Exponential Backoff And Jitter story
“Damn it, exponential backoff!!”
“What is that technique?”
A story that I don't understand is about to unfold...
Thank you for your hard work.
This is Matsuyama, also known as the Living Dead, from the System Development Department.
It's been a while since I last updated my blog, but
I didn't have the motivation to write some sample code and make something work, so
I thought I'd write a little bit about algorithms this time.
for example
Client ↔︎ If an error is returned from the server during communication between the server,
possible behavior on the client side is:
① Display an error message and cancel the process
② Execute the same communication again (retry)
③ Become unable to proceed
③ is out of the question since it's just a bug, but I think it's mostly ① or ②.
Especially in the case of a flow where the processing cannot be interrupted, I think you would expect recovery from ②.
retry
Let's think about retry for a moment.
The response was simply an error, so I'll try again.
In this case, the process of request → response (error) → retry will be repeated endlessly.
If a failure occurs on the server side for some reason,
all users will keep retrying (the situation is no different from a DoS attack),
the load on the server will suddenly increase, and the server will eventually go down
. This could lead to the worst situation.
It is a bitter memory that it actually developed...
The algorithm used to distribute such high loads
is the ``Exponential Backoff'' mentioned at the beginning.
exponential backoff
Directly translated,
・Exponential = Exponential
・Backoff = Backward
, which means that it is an algorithm that moves backwards (delays) the retry interval exponentially.
If an error occurs, retrying
1 second, 2 seconds, 4 seconds, 8 seconds, etc.
, thereby reducing the overall number of retries and achieving efficient retries.
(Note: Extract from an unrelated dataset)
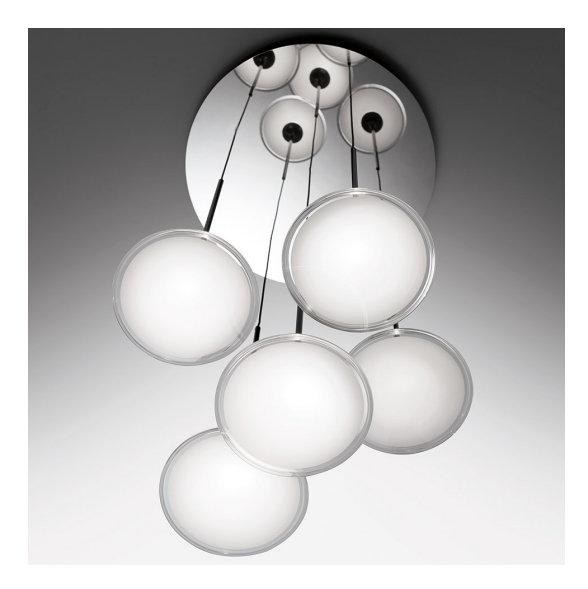
IP 20 (€) (€) Dimmerable: +① -

Masu.
It is also explained on AWS.
AWS explanation
jitter
However, a simple exponential function may result in many requests occurring at the same time.
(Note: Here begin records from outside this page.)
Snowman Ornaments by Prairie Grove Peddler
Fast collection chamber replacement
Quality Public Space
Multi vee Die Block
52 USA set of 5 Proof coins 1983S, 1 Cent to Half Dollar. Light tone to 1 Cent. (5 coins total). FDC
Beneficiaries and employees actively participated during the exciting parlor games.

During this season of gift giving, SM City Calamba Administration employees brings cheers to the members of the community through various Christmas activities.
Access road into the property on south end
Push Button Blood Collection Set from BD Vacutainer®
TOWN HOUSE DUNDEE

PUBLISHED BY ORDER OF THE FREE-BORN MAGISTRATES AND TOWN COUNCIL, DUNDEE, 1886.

(Users who access at the same time will have the same retry interval.)
Therefore, "jitter" is used in conjunction with exponential.
Directly translated
, jitter = time lag
.
By giving a width to the retry interval using a random value, it becomes possible to distribute simultaneous retries.
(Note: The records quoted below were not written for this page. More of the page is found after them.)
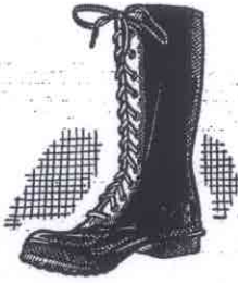
PACS & BOOTEES, 10 inches or higher. All laced rubber footwear of this height, and bootie types with or with- out laces. (Type 5)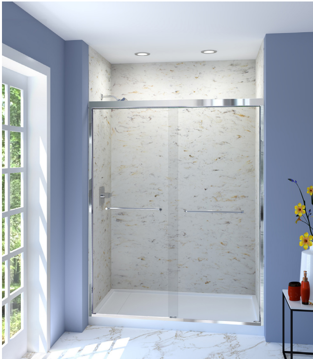
◀ SMCBP607606C-BS CECELIA BY-PASS DOOR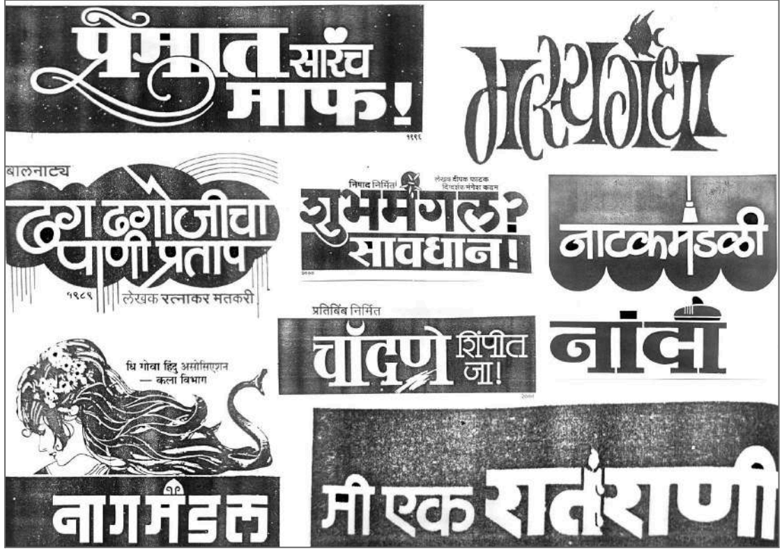
Fig.11. Collage depicting samples of expressive Marathi theater play titles designed by Shedge focused on matra signs.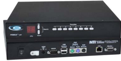
PRIMUM-UZR (Front & Back)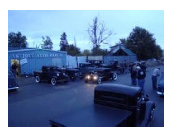
Sept 18 East vs West tour No Overheads 2010

At 6:00 am 5 Model T's and about 10 other flathead powered cars showed up at the Antique Auto Ranch. The group of cars headed out towards Vantage, WA battling the rain in hopes of arriving before 12 noon. The group made stops in Davenport, Odessa, Ephrata, and finally arrived in Vantage around 11:30AM. Blustery's burgers had a large parking lot big enough to hold 300 cars. When all tallies were taken the East side of Washington pulled 47 cars, and the West side could only muster 21 cars. The Spokane Model T Club really impressed all the other car clubs, by showing Model T's are great cars and they can go hundreds of miles with no problems. I would like to thank The Inland Empires and the Ranch for putting on a great afternoon. Hope to see more of you next vear.

Detailed verification results are summarized in an article on the AWS Solution Architect blog
summary
In reality, you need to consider things like the upper limit on the number of retries and timeouts, but
this time I'll just introduce exponential backoff and jitter.
In the case of temporary errors or failures, I think that retrying often resolves the problem.
Please keep in mind if it takes some time to recover,
you can improve the situation without putting unnecessary load on it by doing efficient retries like the one introduced here I'm lucky.
, I used the one at the beginning
``exponential backoff seems like a special move.''
It's simple, but that's all for today's story.